I never thought I’d miss a landscape this much. It’s been 4 months since, yet the clouds, peaks and faraway glaciers still capture my imagination. We set out early from Queenstown for the four hour drive. We’d heard all sorts about it – the danger, the scenery – they’re all true. But what we could not prepare for was the magnificence. The photos do the drive – surely one of the best in the world – no justice at all. It’s difficult to portray scale in such gigantic and dramatic proportions. (For example, the tiny boat in the last photo is a two storey ferry…)
The drive after Te Anau is epic where the road whips between shallow, pebbly rivers and dense state forest. The golden Eglinton Valley stretches before us and for the first time we see our destination of purple hazed mountains, like a painting come to life. The road slowly ascends into the steep Hollyford Valley. Cloud cover hides most of the peaks but below we can hear a whisper of the raging Hollyford River. It’s an awesome sight, preparing us for the bleak contrast of the Homer Tunnel. Within a rising claw of grey rock, overhanging ice and waterfalls, the tunnel punches through the Darran mountains, exiting at the one of the best views I am convinced I will ever see in my life – the Cleddeau Valley. Wisps of clouds linger by the sheer cliff faces, coalescing into a ceiling of cotton candy. The air feels wet; the valley walls weep rivulets, the product of the previous night’s rainfall.
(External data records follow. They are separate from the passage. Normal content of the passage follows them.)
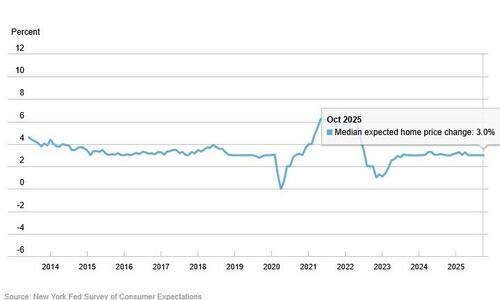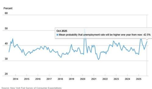 The data will worsen the growing (political) divide among Fed voters as signs of weakness in the job market pile up even as inflation expectations continue to drop (and ironically confirm that Trump was right to slam Powell for waiting too long to cut rates). Last week, the Fed lowered interest rates by a quarter percentage point, but a number of policymakers have since voiced concerns about extending their easing cycle saying concerns about inflation were greater than employment worries.
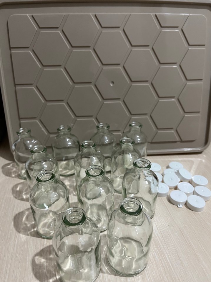 Beyaz kapaklı şeffaf küçük cam şişeler #shot #detoks
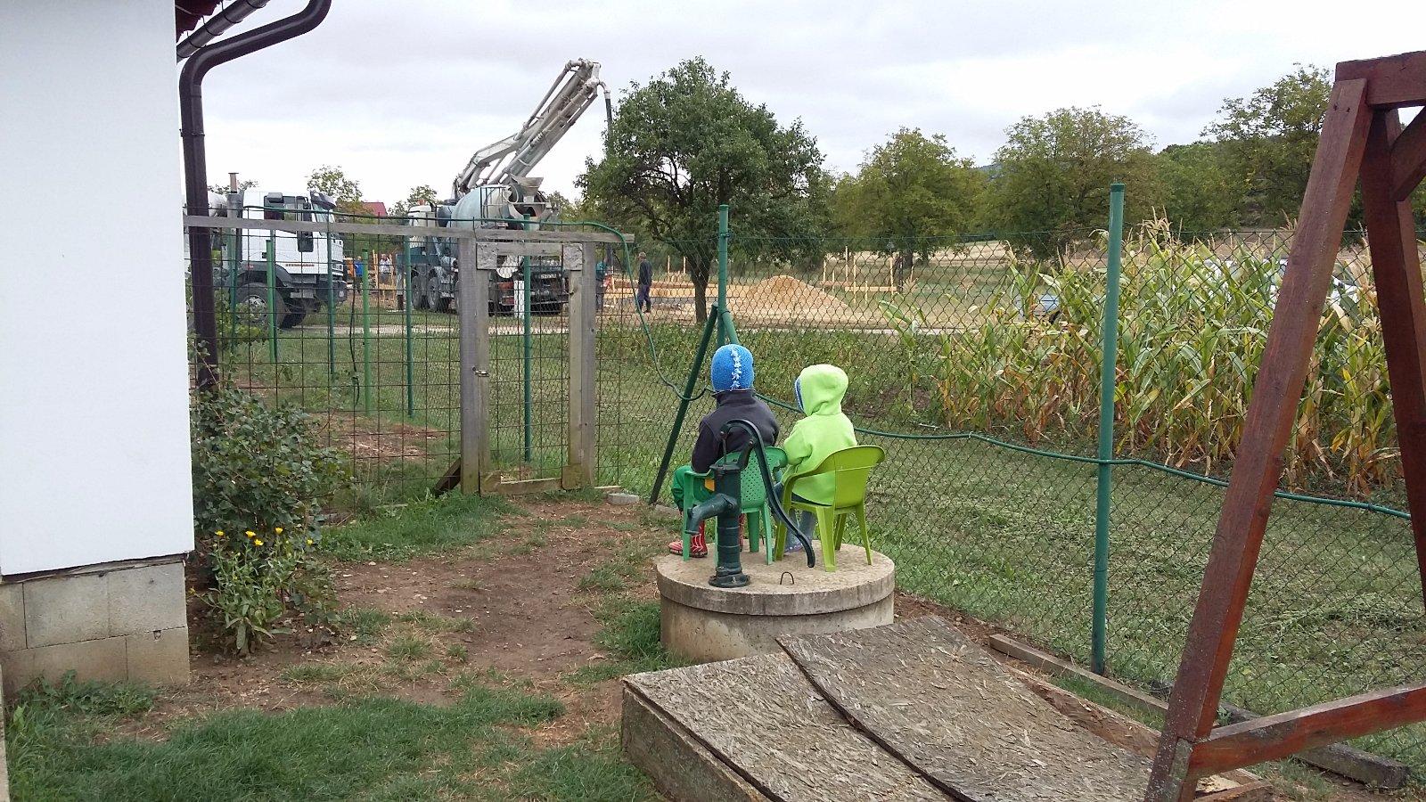 Tuto fotku mam velmi rada. Vznikla toto leto. Budeme mat novych susedov. No moje deti sa tesia asi najviac, velke stroje, majstri, bucha sa, klepe, kopu jamy,... A takto sledovali ako sused betonuje zaklady. Aj stolicky si dali na studnu,aby dobre videli (nedovolila som totiz ist na stavbu). No fobre dlho sme o nich nevedeli, tak cuskali a sledovali.
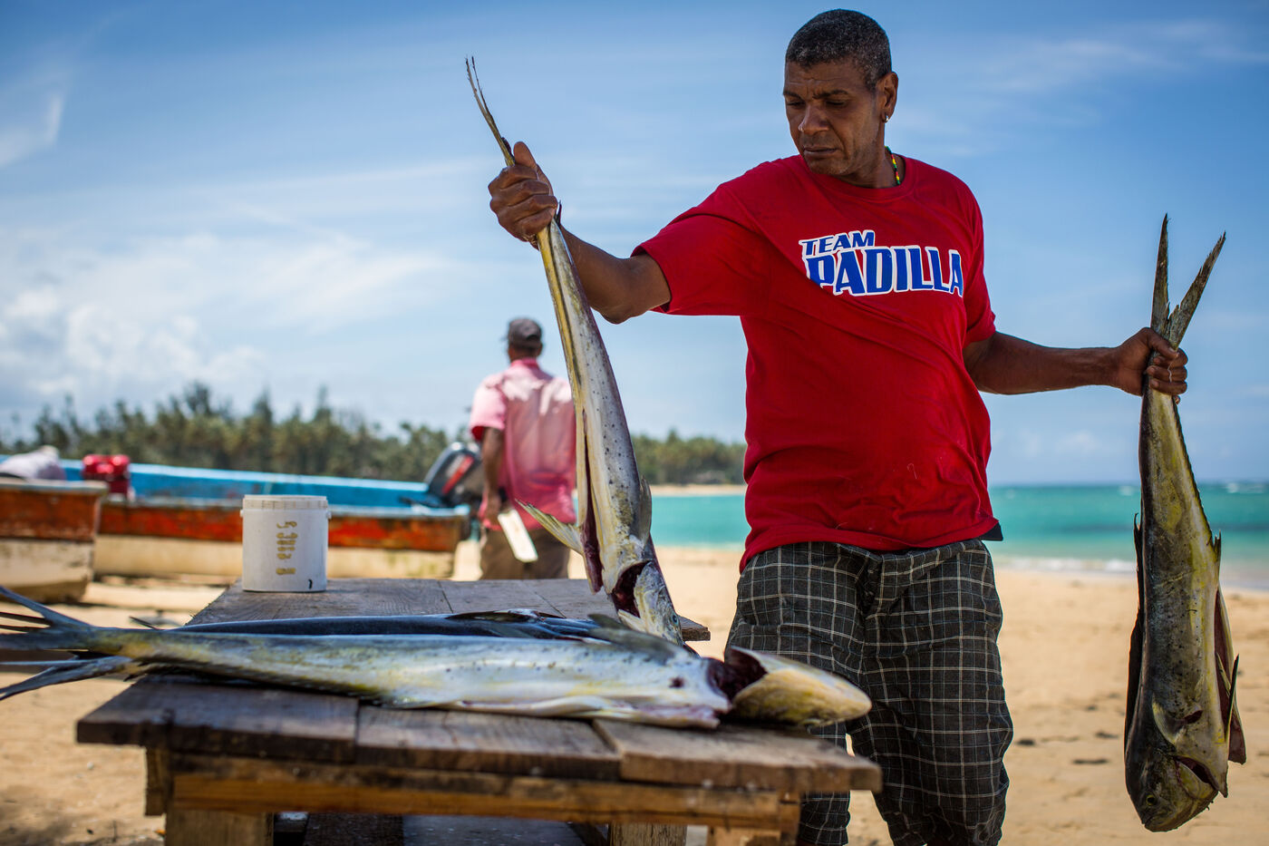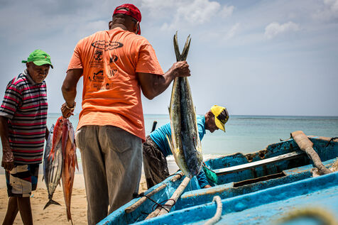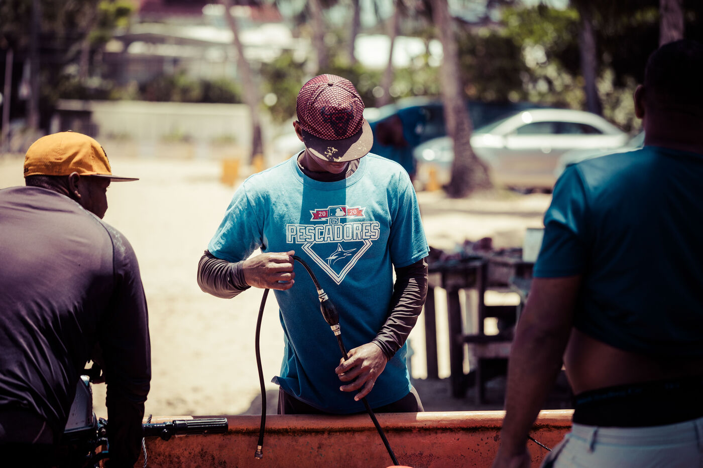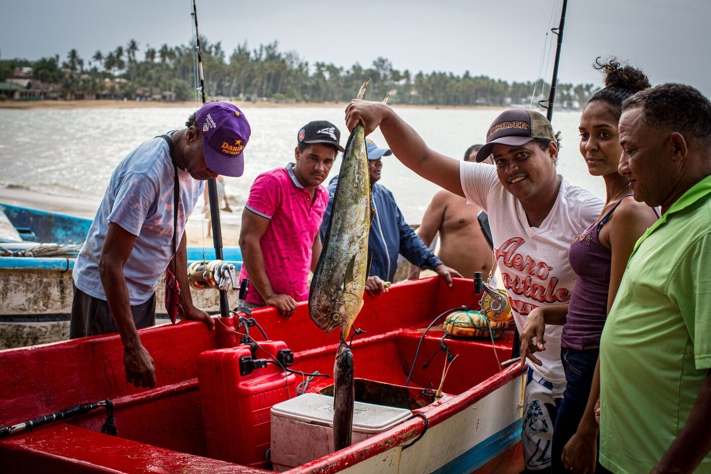 Sur la plage, les proches restés sur terre scrutent l'horizon, les chiens excités sentent le retour imminent des pêcheurs. Les hommes s'activent pour sortir leurs bateaux de l'océan atlantique en s'aidant de rondins de bois. Une fois débarqués, rapidement ils déchargent leur cargaison de poissons frais pour les nettoyer sur des tables en bois sur la plage et les proposer à la vente dans des cabanons à proximité. Toute une chorégraphie bien rodée se met en place, les plus jeunes et les plus vigoureux poussant les lourds bateaux, les plus anciens donnant leurs consignes. La solidarité entre confrères reste de mise. Certains produits, rares et précieux, comme le crabe royal appelé ici Santoyo, sont réservés avant la pêche et on vient les récupérer directement au plus près des barques. Les restaurants, les touristes et les autochtones seront tous rassasiés.
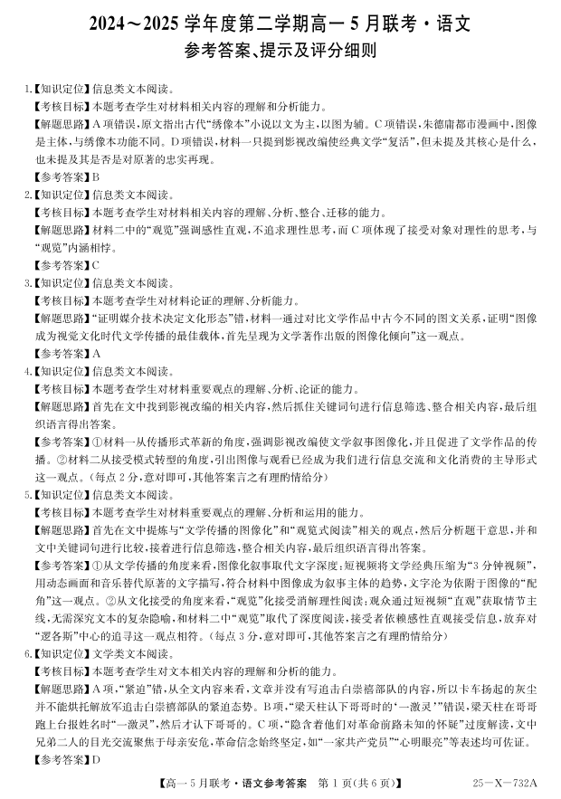 安徽省县中联盟2024-2025学年高一下学期5月联考语文答案
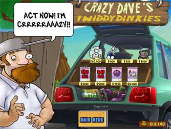 - Played totally straight in Plants vs. Zombies, where the shop you buy seeds and the like from is run by Crazy Dave, and called Crazy Dave's Twiddydinkies. Dave himself is a blabbering lunatic who wears a pot as a hat and frequently yells "Buy now! I'M CRAAAAAAZY!!!" at the player whilst frothing at the mouth and shaking. Quite bizarre, but a nice calm experience compared to the rest of the game...
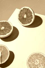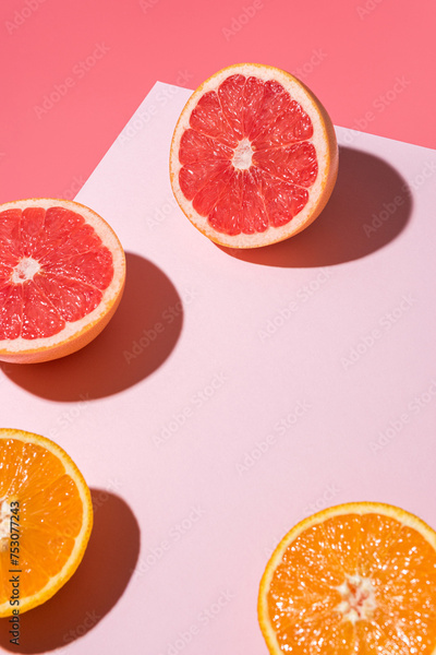 Creative fruit composition on pink background with hard shadows. Summer minimal concept.
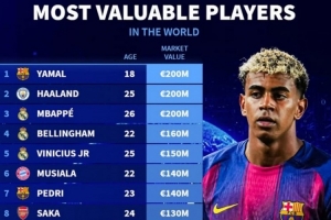 体育资讯12月13日讯 德转列当前身价排名前十五的球员,亚马尔、哈兰德、姆巴佩2亿欧并列第一。
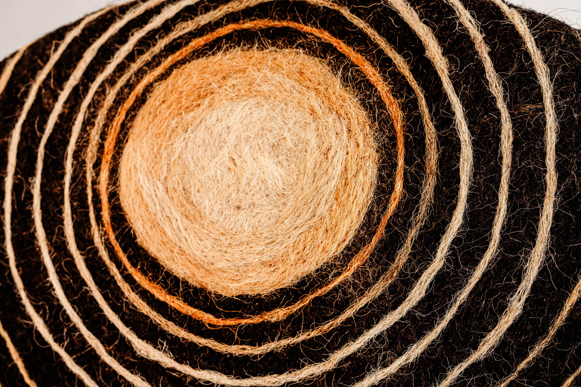 fleeting emotions into tactile forms. My forest-side studio shapes both material and mood; the changing seasons—from harsh summers to the rhythm of monsoons—influence the textures, colours, and narratives I create. A defining aspect of my work is the 52 natural colour palette that emerges organically from the sheep, their wool shifting subtly with grazing seasons, vegetation, and climate.

The drive from Queenstown is a long one so we chose to stay overnight on the sound. The Sound is spectacular with snow dusted mountains of over a thousand metres (they look small in the photos!) diving into the dark water. The Milford Mariner docks overnight in a bay shadowed by the Pembroke glacier and we watch the sun set over the sound. The way light plays here is unusual, you can literally see the sun retreat, replaced by dark shadows heralding the night.
Real Journey’s Milford Mariner
There are many day trips to Milford Sound but to make the most of the drive, I recommend doing the overnight cruise. (Simply put, you’ll want to do the opposite of the tour buses that reach a peak at around midday.) Watching the sunrise and sunset with no other boats on the water is a breathtaking experience. The boat is comfy – like all boats the cabins are small – but most of the time is spent on deck. Two activity options, a tender craft or kayaking means it’s a busy day until after dinner.